岡本忠成作品集

 
 岡本忠成(おかもと・ただなり、1932〜1990)というアニメーション作家の名を知らなくとも、NHKみんなのうた「メトロポリタン・ミュージアム」(1984)と言えば、「ああ、あの可愛い人形アニメーション!」と思い出す人は少なくないだろう。
 それほどまでにこの作品は印象的で、現在でも、「みんなのうた」の好きな作品の上位にあがるほど人気がある。
 今回紹介するムックは、「メトロポリタン」の作者であり、58歳の若さで急逝した岡本忠成の業績の全貌がまとめられた、唯一のムックである。
 
 ●「岡本忠成作品集」
  著 者: 杉山潔
  出版社: 角川書店
  刊行年: 1994年
  定 価: 3800円
 
 
 
 岡本の作品歴の最大の特徴は、その技法の多彩さである。
 平面(セル、水彩、マーカーなど)、半立体(毛糸、板など)、立体(人形)まで、アニメーションのあらゆる素材と技法を使い分け、「原作の雰囲気を伝えるために最良の素材と技法を選択する」姿勢が貫かれている。
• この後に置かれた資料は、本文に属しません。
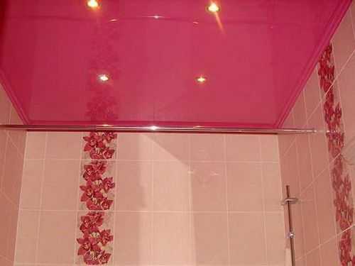 Фиолетовый натяжной потолок в ванной с точечным освещением.
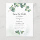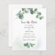 Budgetkort för eukalyptus Succulent Blommigt Spara datum meddelande. Enkel att anpassa genom att klicka på knappen "Anpassa"
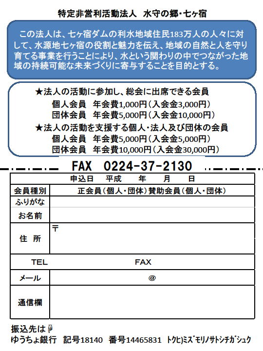 第3条 この法人は、七ヶ宿ダムの利水地域住民183万人の人々に対して、水源地七ヶ宿の役割と魅力を伝え、地域の自然と人を守り育てる事業を行うことにより、水という関わりの中でつながった地域の持続可能な未来づくりに寄与することを目的とする。
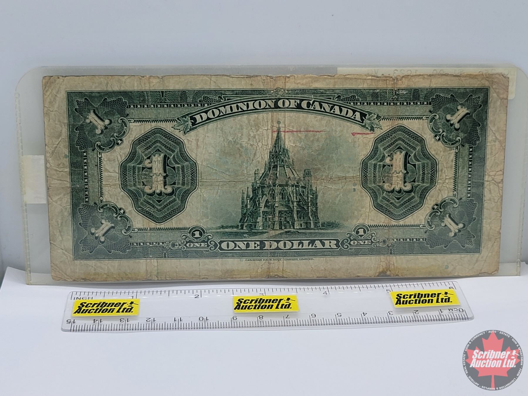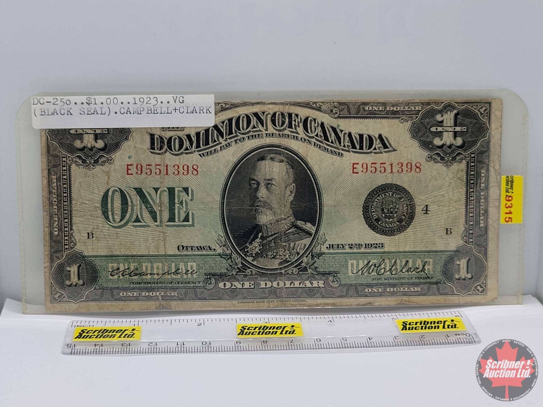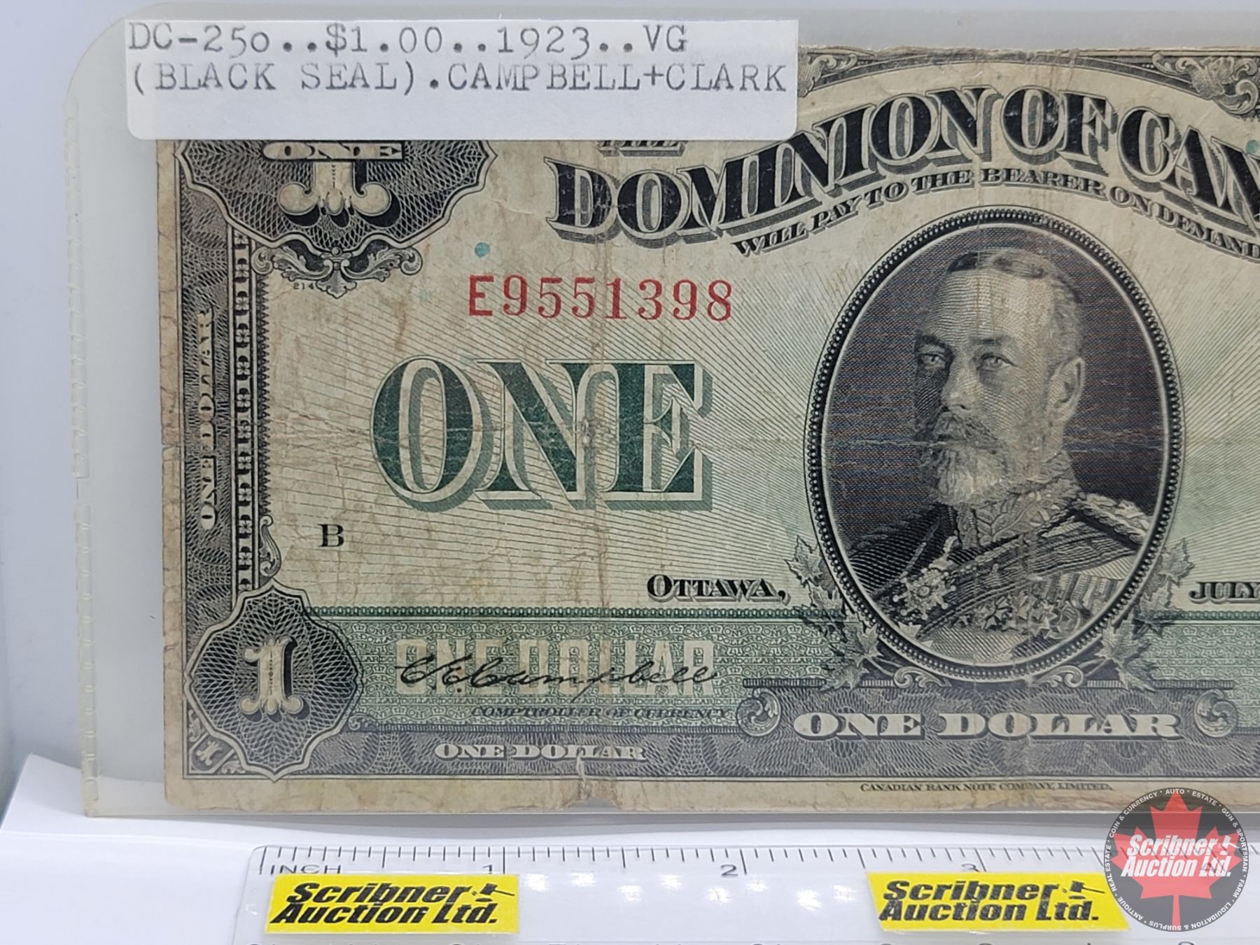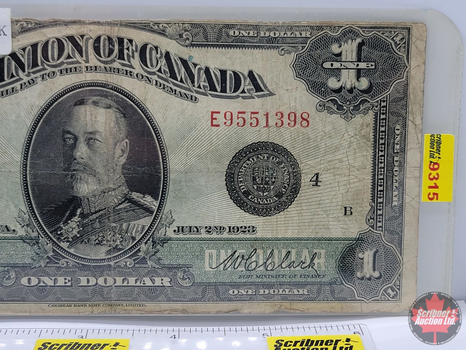 Dominion of Canada 1923 $1 Bill "Horse Blanket" : Campbell/Clark #E9551398 (See Pics for Serial Numbers, Signatures & Conditions)
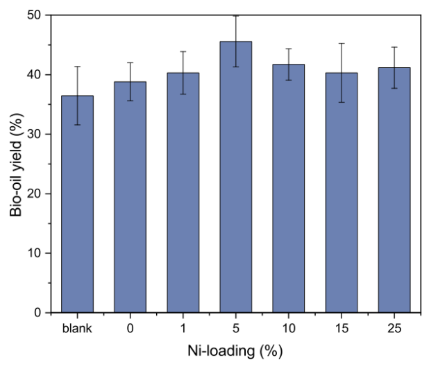 在本研究中,制備了一種負載鎳的還原氧化石墨烯(RGO)材料,據作者所知,這是RGO材料首次作為催化劑用于微藻類的熱液液化(HTL)。研究了還原氧化石墨烯負載鎳催化劑對螺旋藻HTL生物油產率和質量的影響。結果表明,該催化劑能提高生物油的產率,生物油質量的性能顯著提高。GC-MS分析表明,RGO催化劑能促進碳氫化合物的生成。當Ni添加量為5%時,生物油的氧含量最低(14.79%),當Ni添加量增加到25%時,碳氫化合物含量最高(11.41%)。此外,RGO催化劑還能使生物油中低沸點組分(<400℃)的含量從68%提高到81%。本研究可為石墨烯在微藻HTL中的進一步應用和高品質生物油的生產提供有價值的信息。
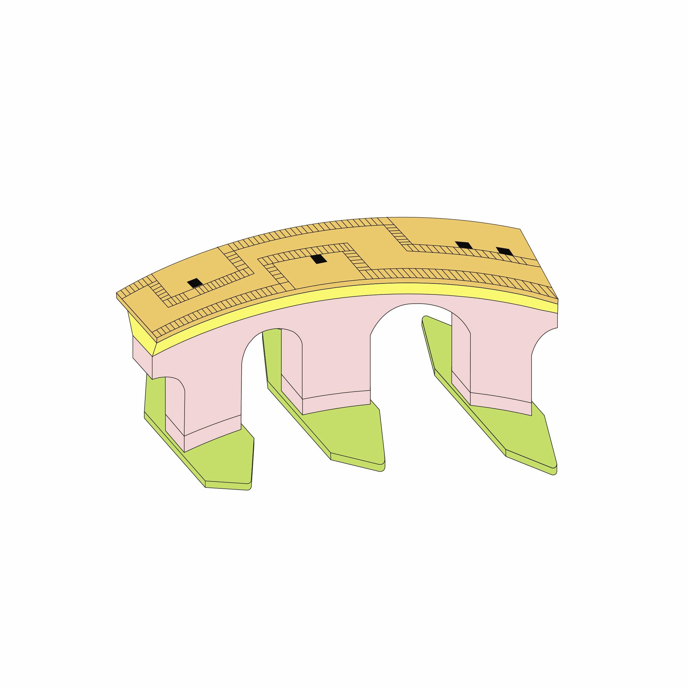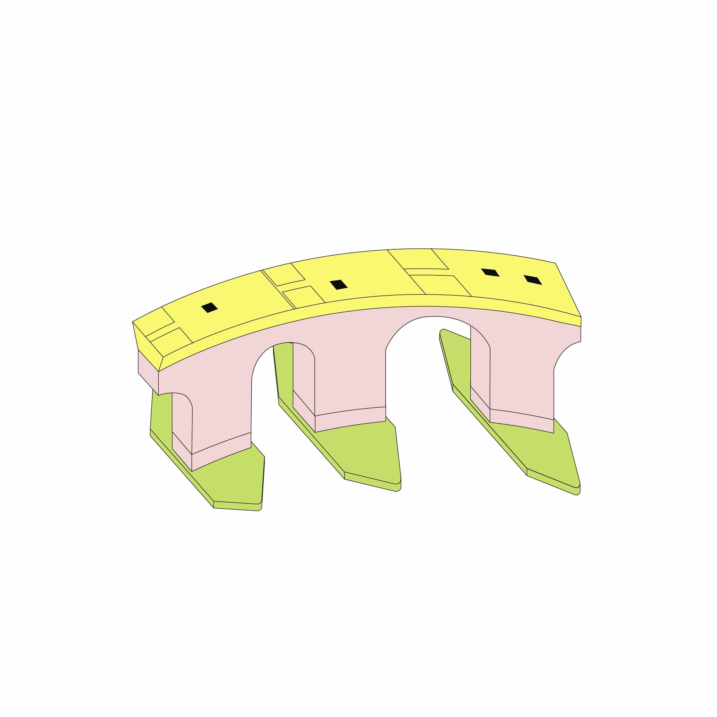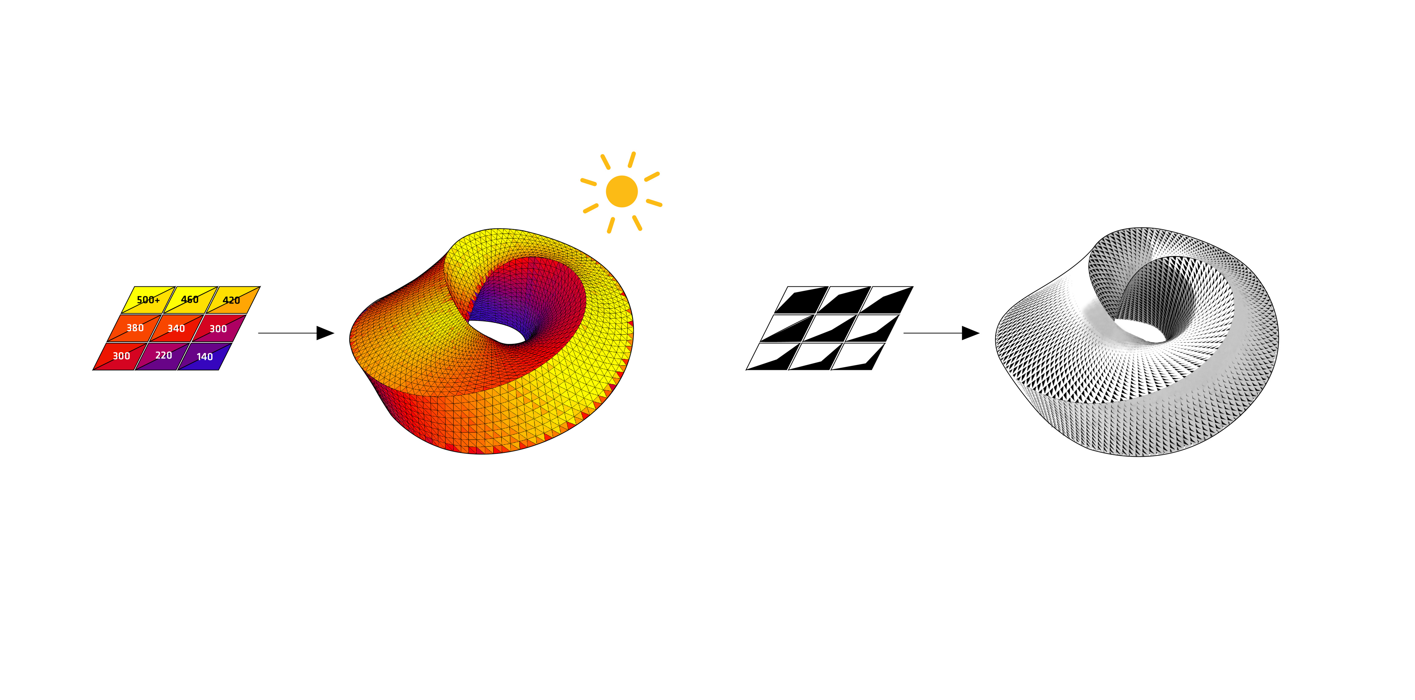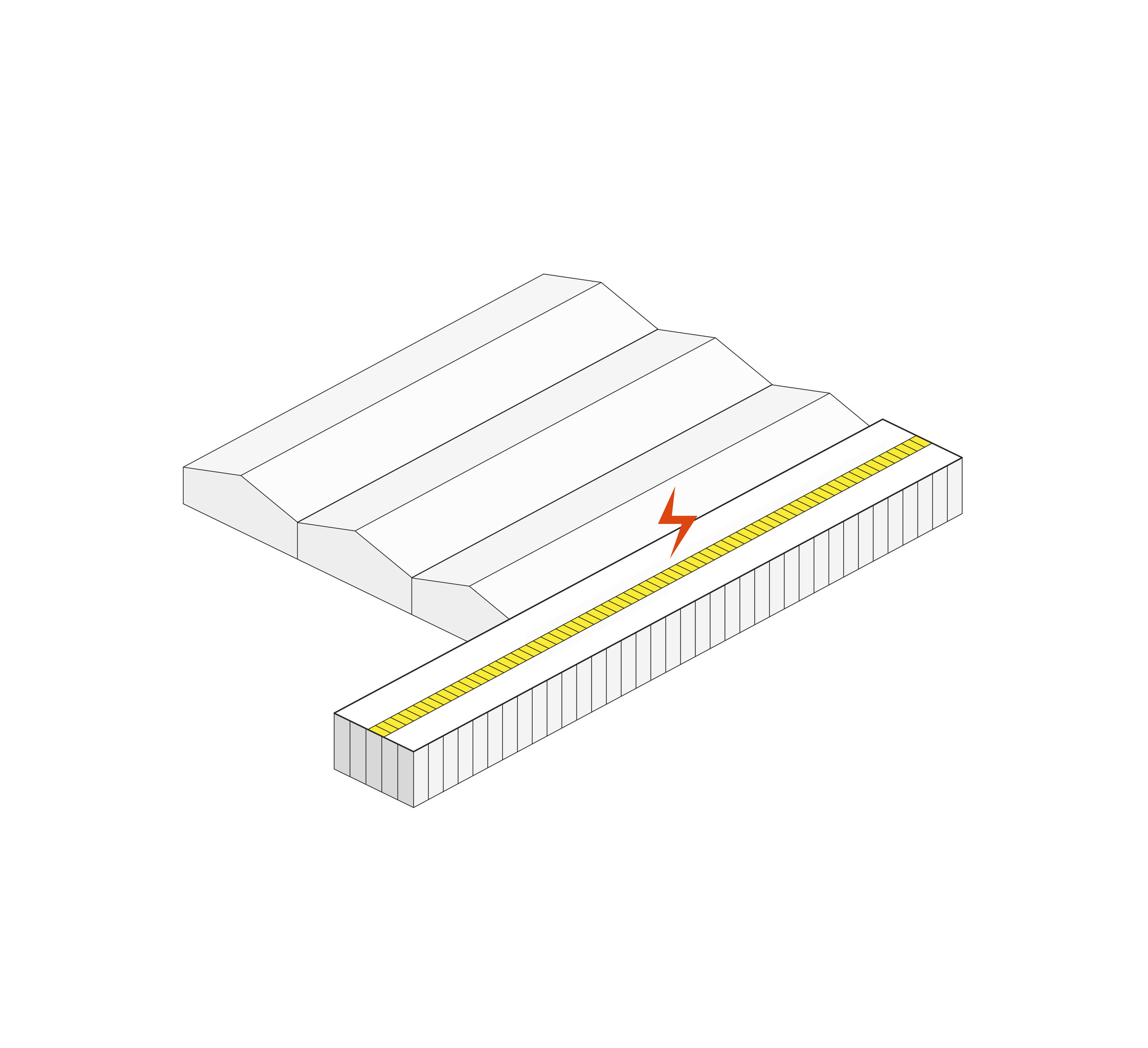Either straight or curved base modules made with precise geometric proportions allow for the combination of elements to build countless light structures, both essential and complex. It is an elementary principle generating an open system.

これほど多彩な「使い分け」をするアニメーション作家は、世界を見渡してみてもほとんどいない。
 「メトロポリタン・ミュージアム」が印象的なのは、岡本が「最良の素材と技法を選択した」結果だったのである。
 
 1970〜80年頃にかけて、7歳年上の人形アニメーション作家・川本喜八郎と双璧とされ、2人で主催した上映会「川本+岡本パペット・アニメーショウ」も継続的に開催(計6回)していたが、あまりにも早く他界したため、現在の人形アニメーションのブームに至れば約束されていた成功にも浴することはなかった。
 作品も、LDとVHSで発売されたが、全集ではなく、また現在入手困難である。せめて、DVDが発売されないものか。
 
 それよりも、この唯一のムックをきっかけとして、彼の仕事の全貌が再評価され、作品集が発売されることを強く望みたい。
 本ムックは、古書市場でもやや入手困難だが、まんだらけのような専門店では時々みかける。ほぼ全ページカラーで、作品図版豊富、関係者のインタビューも収録され資料性が高いため、ぜひ入手したい。